• **EXTRACTED INFORMATION**:
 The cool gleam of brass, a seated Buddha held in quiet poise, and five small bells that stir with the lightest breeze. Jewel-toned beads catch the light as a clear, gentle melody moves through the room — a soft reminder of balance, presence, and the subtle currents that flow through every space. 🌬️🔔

* * *

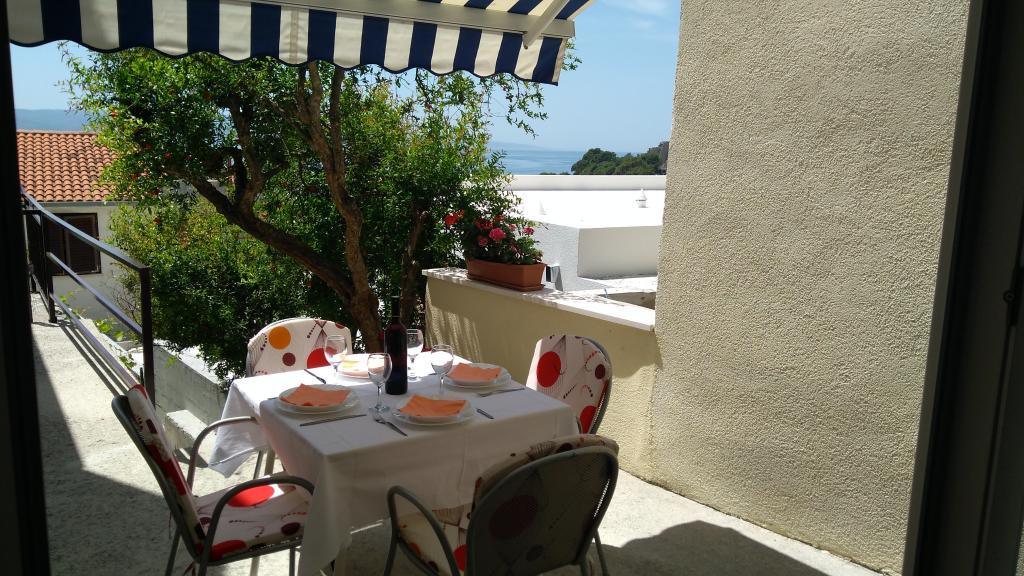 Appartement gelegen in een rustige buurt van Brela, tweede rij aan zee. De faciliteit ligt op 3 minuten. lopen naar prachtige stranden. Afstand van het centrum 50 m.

---

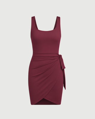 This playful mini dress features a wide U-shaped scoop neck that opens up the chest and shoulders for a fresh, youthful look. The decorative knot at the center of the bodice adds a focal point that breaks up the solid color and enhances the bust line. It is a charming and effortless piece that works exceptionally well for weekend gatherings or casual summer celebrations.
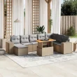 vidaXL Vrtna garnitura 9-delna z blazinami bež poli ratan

• **WHAT TO PRODUCE**:
What are the lines above from the one with "This playful mini" to the one with "vidaXL Vrtna garnitura", both included? Reproduce them exactly, without pictures.

• **TASK OUTPUT**:
 This playful mini dress features a wide U-shaped scoop neck that opens up the chest and shoulders for a fresh, youthful look. The decorative knot at the center of the bodice adds a focal point that breaks up the solid color and enhances the bust line. It is a charming and effortless piece that works exceptionally well for weekend gatherings or casual summer celebrations.
 vidaXL Vrtna garnitura 9-delna z blazinami bež poli ratan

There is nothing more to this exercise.